You're fortunate and I agree with your comments. I first learned of his SlingerWingers 3 or maybe 4 years ago. I've now got 5. Will probably be buying more. Also have his stickmen, retired gunners and a few other products. Great guy, great products. I've got wingers from the other two big manufacturers. Scott's are far and away the best design, the best built and the least expensive.


----------



## Daren Galloway (Jun 28, 2012)

Don Smith said:


> You're fortunate and I agree with your comments. I first learned of his SlingerWingers 3 or maybe 4 years ago. I've now got 5. Will probably be buying more. Also have his stickmen, retired gunners and a few other products. Great guy, great products. I've got wingers from the other two big manufacturers. Scott's are far and away the best design, the best built and the least expensive.


Could you post some pics of the stickmen please. There is nothing on his website.


----------



## Don Smith (Mar 23, 2004)

Daren Galloway said:


> Could you post some pics of the stickmen please. There is nothing on his website.

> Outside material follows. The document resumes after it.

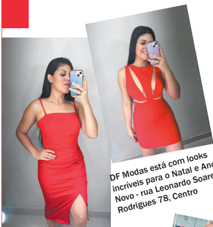
DF Modas está com looks incríveis para o Natal e Ano Novo - rua Leonardo Soares Rodrigues 78, Centro

Prestigie o comércio de Vargem Grande Paulista

Both the stickman and the retired gunner mechanism is on his website. Click on the "shop" tab at the top, scroll down to "load more", click there. Here's the link Shop | website


----------



## RandyJaco (Nov 8, 2019)

Daren Galloway said:


> Could you post some pics of the stickmen please. There is nothing on his website.


He told me last night that he had just put the stickmen back on the website. I think he was behind on wingers or wasn't able to build the stickmen. You can't tell from the picture but the tubing folds basically in half and it rolls up on it. There are 2 velcro straps so it is nice and tight. He puts 2 stakes on, so he stays up better. I need to tell him to put a picture of one rolled up on the website.


----------



## Daren Galloway (Jun 28, 2012)

Don Smith said:


> Both the stickman and the retired gunner mechanism is on his website. Click on the "shop" tab at the top, scroll down to "load more", click there. Here's the link Shop | website


This is all I see.


----------



## Don Smith (Mar 23, 2004)

Daren Galloway said:


> This is all I see.
> 
> 
> View attachment 90451





Daren Galloway said:


> This is all I see.
> 
> 
> View attachment 90451


That's page 1. Go to the bottom and click on "LOAD MORE". That's takes you to page 2. I think there are 4 pages total.


----------



## RandyJaco (Nov 8, 2019)

I just looked and they are on there. You have to scroll down a ways.


----------